Мне почему-то от ее ответа становится не по себе и даже жарко, а директор, ничтоже сумняшеся, спрашивает:
— А вы не боитесь смерти?
— Молодой пусь боитда, а я што… Зимой токо вот неохота. Весной бы али летом, особливо, — цвэты цвэтут, птички в калине разным голоскам…
— А не все ли равно, каким в этой жизни быть, добрым или худым. Ведь и плохой, и хороший — оба умрут, — говорю я.
— По-моему, — торжественно провозглашает бабушка, — по-моему, надо жить по-хорошему. По-доброму. Люди, я смотрю, едак ешо не умеют. Звона по радиу какое смертоубийство по миру ходит. А по-што?
Вопрос повисает в воздухе. Большая сизая ворона с раззявленным клювом заскакала по меже. Стайка белых капустниц зареяла над зарослями крапивы.
— А все-таки, как жить нам: по-доброму или по-худому? — настаиваю я.
— Я думаю так, — неторопко отвечает бабушка, — про доброго добро завсегда скажут, а про худого: слава Богу, уколел, всему миру надоел! — с силой выкрикивает она и, улыбаясь, смотрит то на меня, то на директора.
Я хватаюсь за живот. И хохочу. Как просто! Жить так, чтобы поминали добрым словом!
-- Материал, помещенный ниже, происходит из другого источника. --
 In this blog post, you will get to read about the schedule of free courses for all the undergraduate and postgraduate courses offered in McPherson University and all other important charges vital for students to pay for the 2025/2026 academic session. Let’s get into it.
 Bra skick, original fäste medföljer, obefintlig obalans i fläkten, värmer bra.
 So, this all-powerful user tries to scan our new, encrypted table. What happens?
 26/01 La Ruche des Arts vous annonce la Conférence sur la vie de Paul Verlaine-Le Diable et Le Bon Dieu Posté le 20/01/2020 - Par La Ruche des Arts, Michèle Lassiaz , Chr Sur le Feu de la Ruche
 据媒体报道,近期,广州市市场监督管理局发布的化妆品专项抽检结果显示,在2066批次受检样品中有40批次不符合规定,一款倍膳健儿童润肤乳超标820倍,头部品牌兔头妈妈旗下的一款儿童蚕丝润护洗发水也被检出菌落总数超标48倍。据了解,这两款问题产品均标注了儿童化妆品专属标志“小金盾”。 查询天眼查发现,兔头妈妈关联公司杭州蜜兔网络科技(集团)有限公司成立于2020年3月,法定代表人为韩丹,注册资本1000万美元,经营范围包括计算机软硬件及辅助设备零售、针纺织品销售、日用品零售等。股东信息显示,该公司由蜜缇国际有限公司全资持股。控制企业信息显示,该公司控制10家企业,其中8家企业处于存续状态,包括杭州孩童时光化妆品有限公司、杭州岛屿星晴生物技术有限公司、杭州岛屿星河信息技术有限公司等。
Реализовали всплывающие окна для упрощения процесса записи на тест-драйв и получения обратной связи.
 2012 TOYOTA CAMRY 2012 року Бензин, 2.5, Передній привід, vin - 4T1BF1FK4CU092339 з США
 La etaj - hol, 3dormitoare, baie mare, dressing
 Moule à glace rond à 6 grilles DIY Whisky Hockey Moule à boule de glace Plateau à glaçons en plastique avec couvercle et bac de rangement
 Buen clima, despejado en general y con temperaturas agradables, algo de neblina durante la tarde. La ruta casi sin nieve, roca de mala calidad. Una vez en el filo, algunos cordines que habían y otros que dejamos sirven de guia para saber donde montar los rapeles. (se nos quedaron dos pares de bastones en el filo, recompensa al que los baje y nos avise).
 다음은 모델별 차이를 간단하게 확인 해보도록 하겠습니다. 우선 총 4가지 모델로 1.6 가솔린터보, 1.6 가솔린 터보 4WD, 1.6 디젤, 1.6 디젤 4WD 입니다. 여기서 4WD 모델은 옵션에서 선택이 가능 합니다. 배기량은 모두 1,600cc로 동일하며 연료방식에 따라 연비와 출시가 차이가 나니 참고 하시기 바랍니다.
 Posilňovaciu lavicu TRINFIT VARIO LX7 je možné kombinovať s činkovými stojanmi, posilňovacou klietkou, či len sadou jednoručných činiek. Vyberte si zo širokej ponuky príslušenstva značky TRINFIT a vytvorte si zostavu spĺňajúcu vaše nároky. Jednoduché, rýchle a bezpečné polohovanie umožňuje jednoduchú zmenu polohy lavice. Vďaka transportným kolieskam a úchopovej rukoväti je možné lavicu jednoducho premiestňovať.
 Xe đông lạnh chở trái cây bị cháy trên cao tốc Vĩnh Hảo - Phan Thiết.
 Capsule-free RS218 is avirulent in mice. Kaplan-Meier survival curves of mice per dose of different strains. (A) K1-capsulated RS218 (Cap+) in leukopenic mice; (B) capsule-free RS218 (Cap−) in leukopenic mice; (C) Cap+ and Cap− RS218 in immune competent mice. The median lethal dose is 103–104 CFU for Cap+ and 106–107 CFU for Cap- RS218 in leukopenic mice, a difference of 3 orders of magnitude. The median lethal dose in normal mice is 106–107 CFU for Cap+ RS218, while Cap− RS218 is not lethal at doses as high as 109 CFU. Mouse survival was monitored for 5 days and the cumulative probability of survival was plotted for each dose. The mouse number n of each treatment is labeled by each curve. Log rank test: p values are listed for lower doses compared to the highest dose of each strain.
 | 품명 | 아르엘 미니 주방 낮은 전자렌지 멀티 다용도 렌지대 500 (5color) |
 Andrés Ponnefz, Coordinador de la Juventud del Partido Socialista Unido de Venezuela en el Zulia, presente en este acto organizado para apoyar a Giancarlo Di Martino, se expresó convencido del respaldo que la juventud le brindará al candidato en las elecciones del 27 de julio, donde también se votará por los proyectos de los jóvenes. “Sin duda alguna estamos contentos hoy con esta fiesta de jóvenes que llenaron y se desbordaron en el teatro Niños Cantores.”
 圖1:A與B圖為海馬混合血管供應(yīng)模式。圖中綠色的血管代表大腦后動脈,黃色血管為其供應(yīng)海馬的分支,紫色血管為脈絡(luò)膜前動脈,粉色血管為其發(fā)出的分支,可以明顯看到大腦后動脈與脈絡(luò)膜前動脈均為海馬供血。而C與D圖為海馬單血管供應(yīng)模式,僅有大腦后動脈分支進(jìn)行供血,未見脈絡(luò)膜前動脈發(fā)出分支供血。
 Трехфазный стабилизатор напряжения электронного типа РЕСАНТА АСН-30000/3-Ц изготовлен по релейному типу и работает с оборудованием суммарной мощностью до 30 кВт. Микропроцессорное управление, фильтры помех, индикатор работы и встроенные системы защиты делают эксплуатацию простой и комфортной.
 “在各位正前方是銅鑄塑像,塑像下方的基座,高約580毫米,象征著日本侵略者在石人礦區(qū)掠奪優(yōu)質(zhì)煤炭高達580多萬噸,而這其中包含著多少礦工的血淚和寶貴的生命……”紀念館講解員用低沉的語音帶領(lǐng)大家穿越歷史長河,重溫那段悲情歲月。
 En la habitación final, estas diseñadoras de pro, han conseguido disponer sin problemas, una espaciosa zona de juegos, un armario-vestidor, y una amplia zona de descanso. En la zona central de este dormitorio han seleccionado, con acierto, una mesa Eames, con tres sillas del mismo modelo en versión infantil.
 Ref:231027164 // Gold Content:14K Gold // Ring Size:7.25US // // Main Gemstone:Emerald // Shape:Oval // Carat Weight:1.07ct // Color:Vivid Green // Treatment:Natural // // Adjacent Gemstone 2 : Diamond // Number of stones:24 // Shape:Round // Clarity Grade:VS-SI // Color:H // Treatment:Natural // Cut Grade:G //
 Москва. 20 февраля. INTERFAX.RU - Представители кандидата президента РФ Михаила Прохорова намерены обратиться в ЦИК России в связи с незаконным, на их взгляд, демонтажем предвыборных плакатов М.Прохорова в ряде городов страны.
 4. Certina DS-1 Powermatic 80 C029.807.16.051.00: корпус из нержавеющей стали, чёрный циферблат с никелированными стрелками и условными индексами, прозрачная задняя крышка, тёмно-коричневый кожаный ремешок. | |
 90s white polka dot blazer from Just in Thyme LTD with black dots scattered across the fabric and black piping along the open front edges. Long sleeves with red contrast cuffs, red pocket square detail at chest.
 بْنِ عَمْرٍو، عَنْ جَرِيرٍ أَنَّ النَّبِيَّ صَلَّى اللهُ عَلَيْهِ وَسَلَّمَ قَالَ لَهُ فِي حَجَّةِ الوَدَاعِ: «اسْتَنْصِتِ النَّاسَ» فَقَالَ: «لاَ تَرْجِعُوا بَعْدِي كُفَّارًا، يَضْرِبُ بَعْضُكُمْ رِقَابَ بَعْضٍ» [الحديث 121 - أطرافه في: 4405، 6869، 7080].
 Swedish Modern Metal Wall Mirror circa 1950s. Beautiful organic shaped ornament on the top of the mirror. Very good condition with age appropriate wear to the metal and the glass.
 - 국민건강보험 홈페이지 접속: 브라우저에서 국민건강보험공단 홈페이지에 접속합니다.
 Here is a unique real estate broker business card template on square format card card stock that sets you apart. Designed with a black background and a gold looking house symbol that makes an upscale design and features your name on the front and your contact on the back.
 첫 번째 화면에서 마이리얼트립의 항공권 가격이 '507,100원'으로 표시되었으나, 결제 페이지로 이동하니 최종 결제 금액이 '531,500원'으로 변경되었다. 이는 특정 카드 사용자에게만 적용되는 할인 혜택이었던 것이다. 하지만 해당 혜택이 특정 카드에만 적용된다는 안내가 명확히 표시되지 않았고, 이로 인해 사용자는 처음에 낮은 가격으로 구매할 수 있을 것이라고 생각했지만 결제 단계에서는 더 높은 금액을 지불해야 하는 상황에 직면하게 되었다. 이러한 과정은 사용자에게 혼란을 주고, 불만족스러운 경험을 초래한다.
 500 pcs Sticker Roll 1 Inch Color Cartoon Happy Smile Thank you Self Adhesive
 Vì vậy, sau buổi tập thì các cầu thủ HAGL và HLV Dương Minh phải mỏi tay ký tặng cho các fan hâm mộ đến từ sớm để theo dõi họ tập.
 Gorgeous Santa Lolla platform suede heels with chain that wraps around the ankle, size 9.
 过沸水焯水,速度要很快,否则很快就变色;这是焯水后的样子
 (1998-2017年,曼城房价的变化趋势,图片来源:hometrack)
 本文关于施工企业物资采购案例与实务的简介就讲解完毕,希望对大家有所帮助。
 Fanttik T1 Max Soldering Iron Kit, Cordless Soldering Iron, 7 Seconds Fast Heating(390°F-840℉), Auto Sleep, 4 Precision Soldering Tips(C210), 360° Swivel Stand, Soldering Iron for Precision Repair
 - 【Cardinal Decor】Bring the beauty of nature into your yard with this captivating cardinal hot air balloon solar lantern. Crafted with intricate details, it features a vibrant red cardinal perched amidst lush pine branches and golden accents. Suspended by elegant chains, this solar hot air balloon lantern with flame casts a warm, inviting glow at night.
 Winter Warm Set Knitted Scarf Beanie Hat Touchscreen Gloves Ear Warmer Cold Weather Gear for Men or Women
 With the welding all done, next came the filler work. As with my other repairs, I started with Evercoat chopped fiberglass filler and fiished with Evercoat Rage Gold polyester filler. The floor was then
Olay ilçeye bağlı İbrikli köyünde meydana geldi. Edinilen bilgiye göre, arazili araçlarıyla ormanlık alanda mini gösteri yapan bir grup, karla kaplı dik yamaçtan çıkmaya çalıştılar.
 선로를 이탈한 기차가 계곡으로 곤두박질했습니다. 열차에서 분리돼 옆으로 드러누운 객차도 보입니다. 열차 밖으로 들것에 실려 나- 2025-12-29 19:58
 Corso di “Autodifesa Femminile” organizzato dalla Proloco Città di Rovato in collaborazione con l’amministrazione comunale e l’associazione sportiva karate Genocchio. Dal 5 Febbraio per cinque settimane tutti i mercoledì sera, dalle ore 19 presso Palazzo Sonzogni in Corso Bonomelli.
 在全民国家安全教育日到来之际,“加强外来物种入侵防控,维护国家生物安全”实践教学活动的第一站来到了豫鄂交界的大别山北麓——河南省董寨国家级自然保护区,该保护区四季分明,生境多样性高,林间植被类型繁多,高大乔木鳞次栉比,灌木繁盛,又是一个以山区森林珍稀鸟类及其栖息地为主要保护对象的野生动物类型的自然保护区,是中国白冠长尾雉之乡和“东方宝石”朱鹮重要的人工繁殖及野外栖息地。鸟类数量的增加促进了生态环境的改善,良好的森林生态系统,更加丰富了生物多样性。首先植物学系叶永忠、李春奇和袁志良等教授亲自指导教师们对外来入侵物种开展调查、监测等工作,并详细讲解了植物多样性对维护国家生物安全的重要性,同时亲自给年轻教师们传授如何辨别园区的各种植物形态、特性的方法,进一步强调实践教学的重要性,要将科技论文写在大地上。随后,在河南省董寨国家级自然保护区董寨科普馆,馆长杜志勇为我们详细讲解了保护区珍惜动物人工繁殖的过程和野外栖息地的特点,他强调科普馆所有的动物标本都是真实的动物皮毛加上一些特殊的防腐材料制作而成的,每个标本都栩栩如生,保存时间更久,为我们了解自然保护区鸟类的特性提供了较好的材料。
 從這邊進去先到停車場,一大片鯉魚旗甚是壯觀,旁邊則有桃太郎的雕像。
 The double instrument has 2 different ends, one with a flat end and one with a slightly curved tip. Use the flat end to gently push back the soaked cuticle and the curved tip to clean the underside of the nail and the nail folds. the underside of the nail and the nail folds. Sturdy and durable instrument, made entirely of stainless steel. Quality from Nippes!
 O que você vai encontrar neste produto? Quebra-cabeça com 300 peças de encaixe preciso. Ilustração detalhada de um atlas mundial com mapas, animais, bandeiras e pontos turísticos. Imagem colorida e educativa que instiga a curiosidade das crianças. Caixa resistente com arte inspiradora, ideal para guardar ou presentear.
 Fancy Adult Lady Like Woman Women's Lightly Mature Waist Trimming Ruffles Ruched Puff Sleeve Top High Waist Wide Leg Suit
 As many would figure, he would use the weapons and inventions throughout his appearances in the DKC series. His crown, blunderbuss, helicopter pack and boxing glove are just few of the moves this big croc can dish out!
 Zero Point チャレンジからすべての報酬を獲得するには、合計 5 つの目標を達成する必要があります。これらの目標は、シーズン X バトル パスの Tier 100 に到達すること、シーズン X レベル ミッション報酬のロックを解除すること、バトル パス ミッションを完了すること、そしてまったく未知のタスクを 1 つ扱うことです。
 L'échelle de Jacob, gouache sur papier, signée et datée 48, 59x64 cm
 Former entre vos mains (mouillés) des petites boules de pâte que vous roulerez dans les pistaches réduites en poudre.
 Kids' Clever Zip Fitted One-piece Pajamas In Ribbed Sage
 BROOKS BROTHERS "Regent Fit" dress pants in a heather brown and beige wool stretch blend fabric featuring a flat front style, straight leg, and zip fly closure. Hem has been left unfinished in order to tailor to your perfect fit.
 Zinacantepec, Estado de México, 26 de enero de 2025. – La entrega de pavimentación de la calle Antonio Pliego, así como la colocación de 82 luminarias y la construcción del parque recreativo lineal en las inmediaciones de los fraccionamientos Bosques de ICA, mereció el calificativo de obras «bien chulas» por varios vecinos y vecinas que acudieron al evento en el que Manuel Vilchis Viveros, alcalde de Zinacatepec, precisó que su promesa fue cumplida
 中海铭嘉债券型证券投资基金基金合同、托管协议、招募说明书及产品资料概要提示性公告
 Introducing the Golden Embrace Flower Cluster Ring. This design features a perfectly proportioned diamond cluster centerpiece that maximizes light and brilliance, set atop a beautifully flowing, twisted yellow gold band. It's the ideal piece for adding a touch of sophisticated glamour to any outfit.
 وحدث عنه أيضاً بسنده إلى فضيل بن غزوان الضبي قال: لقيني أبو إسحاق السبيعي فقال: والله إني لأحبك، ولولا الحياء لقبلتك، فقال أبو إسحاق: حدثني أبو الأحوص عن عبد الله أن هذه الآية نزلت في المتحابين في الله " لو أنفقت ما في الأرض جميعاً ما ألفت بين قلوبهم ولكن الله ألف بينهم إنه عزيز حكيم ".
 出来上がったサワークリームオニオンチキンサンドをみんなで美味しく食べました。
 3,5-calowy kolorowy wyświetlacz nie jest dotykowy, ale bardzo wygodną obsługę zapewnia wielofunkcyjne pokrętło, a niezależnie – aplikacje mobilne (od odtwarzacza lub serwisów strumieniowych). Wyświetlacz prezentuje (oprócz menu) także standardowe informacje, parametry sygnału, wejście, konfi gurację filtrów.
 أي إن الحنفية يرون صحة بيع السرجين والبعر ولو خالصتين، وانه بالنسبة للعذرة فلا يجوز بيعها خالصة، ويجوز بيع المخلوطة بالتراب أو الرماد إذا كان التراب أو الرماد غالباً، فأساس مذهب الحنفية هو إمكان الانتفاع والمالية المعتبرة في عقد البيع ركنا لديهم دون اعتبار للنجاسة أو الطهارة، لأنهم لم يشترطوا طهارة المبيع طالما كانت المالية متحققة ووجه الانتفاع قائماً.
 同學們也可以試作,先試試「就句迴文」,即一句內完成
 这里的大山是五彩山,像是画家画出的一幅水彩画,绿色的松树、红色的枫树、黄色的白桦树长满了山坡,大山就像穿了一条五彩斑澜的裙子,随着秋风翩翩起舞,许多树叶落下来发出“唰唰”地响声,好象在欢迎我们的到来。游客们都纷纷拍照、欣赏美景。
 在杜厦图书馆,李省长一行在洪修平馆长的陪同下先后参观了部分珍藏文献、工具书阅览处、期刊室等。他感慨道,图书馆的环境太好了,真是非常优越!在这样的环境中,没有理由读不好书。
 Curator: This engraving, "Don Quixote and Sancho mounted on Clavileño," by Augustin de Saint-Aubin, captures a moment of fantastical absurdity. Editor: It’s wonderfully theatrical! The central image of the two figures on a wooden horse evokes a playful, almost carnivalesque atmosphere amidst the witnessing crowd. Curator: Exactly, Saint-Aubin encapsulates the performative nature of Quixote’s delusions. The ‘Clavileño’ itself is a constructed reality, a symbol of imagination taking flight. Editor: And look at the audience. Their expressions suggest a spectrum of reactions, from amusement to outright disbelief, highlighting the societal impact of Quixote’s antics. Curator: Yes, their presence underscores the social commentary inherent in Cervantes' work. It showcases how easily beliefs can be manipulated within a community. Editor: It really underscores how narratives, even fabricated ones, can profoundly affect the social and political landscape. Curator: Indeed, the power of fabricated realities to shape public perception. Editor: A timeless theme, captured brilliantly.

Гомазениха опирается одной рукой о щелястую бревенчатую стену, вглядывается в даль подслеповатыми глазами и со вздохом опускает руку.
— Не вижу. Глаза — как у крота. Ох-ма! Жду весточки от дочки. Сулитца спроведать с мужом, с правнучком Ромашкой-беленькой рубашкой. У меня внуков, правнуков — цельну деревню набрать можно… Можот, хоронить меня приедут-то…
И такой безнадежностью веет от ее последних тяжелых слов, что можно подумать: несчастнее Го-мазенихи свет не видывал. Но если увидеть в этот момент ее глаза, то нетрудно заметить смешинку в их глубине…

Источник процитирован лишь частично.